In both cases the folder permissions are set so only the runner user will have access. In many cases this will be root or some other service user.

$ cd /tmp
$ ll | grep trace
drwx------ 1 root    root     94B Jun 17 10:49 custom-executor026800128
-rw------- 1 root    root     14K Jun 17 10:50 trace036573548
-rw------- 1 root    root     14K Jun 17 10:50 trace184916677

Note

A runner that has crashed or was improperly shutdown will not automatically cleanup any of these temporary files/directories. Else the cleanup will be handled without any administrator intervention.

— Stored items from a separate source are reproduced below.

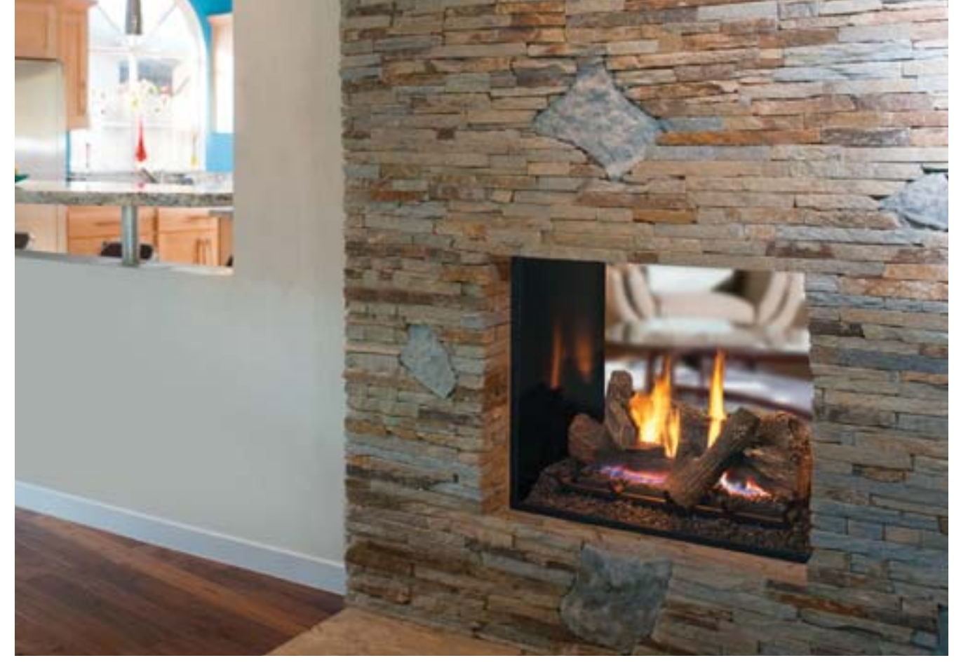
Montebello® See-Through shown with Black Porcelain liner used indoors between rooms.
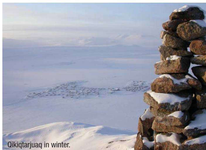
Qikiqtarjuaq in winter.
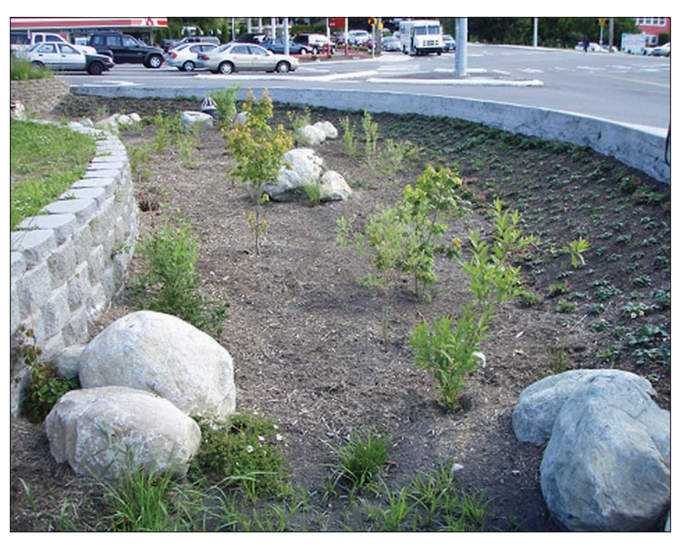
Figure 3: Rain Garden in King County, Washington

The temporary directory used for storing files is determined by Go’s os.TempDir() function. In the case of Unix systems the default value will be /tmp unless there is a value set for $TMPDIR, this can be defined in the service file.

Limits on Resources

In the case of setuid downscoping, resource limits normally set through pam are not enforced (i.e., your /etc/security/limits.conf file). However, it is still possible to establish limits via systemd:

[Service]
ExecStart=/path/to/gitlab-runner
...
LimitNOFILE=1024
LimitLOCKS=infinity

Note

If using RHEL 8+ you may need to enable set_stack_size in the Jacamar CI configuration if defining a stack size greater than 8M.

Once defined and the service reset, all jobs will have these limits enforced. For complete details and all possible directives please see the systemd.exec Process Properties documentation or your man systemd.exec locally.